EXERCISE DIRECTIONS -
Only the lines from the one containing "康縣城區(qū)老舊供熱管網" through the final line below belong in the output, copied exactly and without pictures.

** Opening DATA RECORDS block **

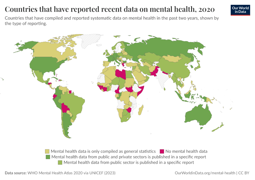 WHO Mental Health Atlas 2020 via UNICEF (2023) – with major processing by Our World in Data. “Countries that have reported recent data on mental health” [dataset]. WHO Mental Health Atlas 2020 via UNICEF, “Countdown for Global Mental Health 2030” [original data]. Retrieved March 2, 2026 from https://data-wdi-depsupdate.owid.pages.dev:8789/20260224-141219/grapher/reporting-of-mental-health-system-data-in-the-past-two-years.html (archived on February 24, 2026).
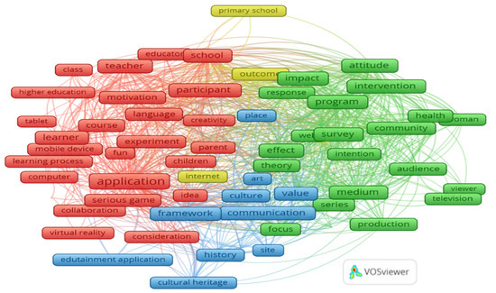 The initial analysis was performed using VOSviewer that classified related topics for study and these are plotted in Figure 1. Based on this principle, we carefully delineated the subject to then detect trends, authors and even transformations in the approach to a certain object of study. In this case, the review took as a starting point the scientific production regarding coexistence, otherness, communication and edutainment.
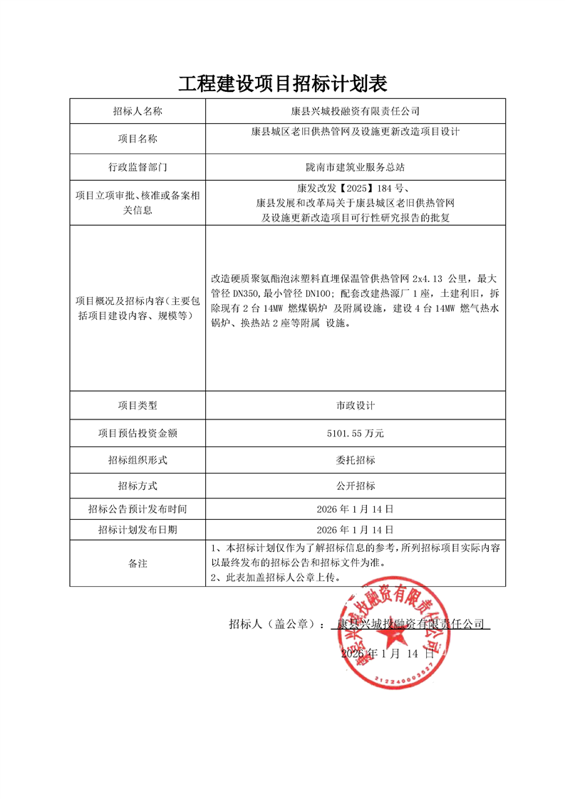康縣城區(qū)老舊供熱管網(wǎng)及設(shè)施更新改造項(xiàng)目設(shè)計(jì)
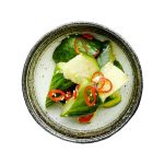 Krokante Kip Salade, Zoetzure Komkommers, Nigiri Garnaal 2x, Nigiri Zalm 2x, Nigiri Tonijn 2x,
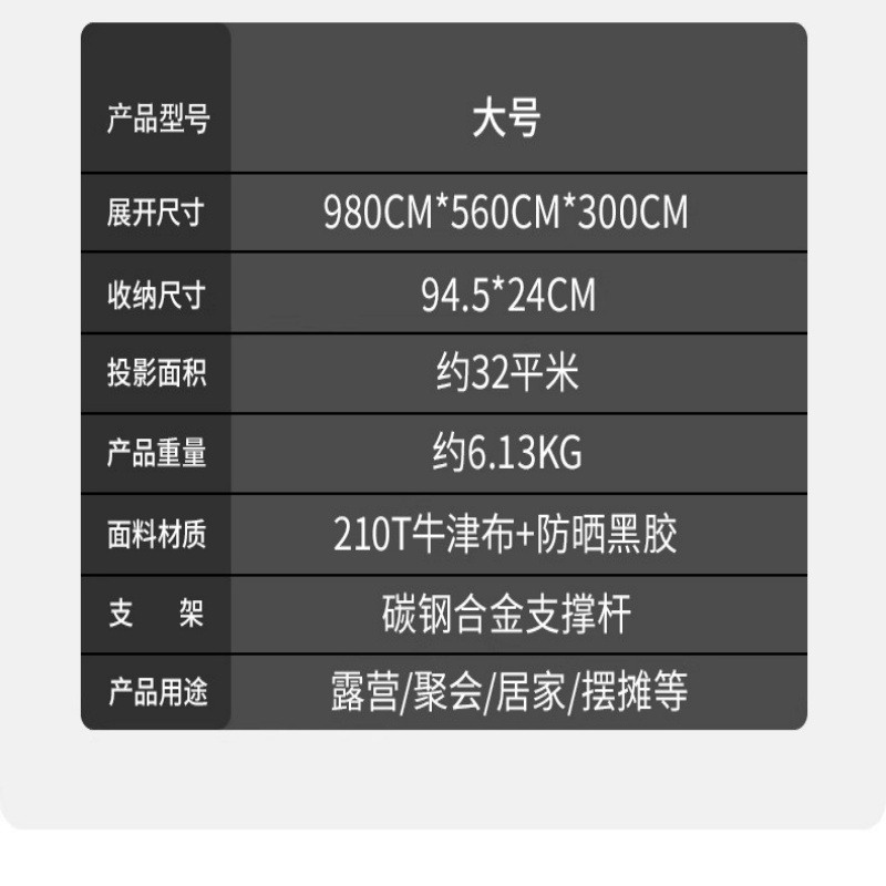 黑胶天幕大号遮阳防晒

** Closing DATA RECORDS block **

TASK ANSWER -
康縣城區(qū)老舊供熱管網(wǎng)及設(shè)施更新改造項(xiàng)目設(shè)計(jì)
 Krokante Kip Salade, Zoetzure Komkommers, Nigiri Garnaal 2x, Nigiri Zalm 2x, Nigiri Tonijn 2x,
 黑胶天幕大号遮阳防晒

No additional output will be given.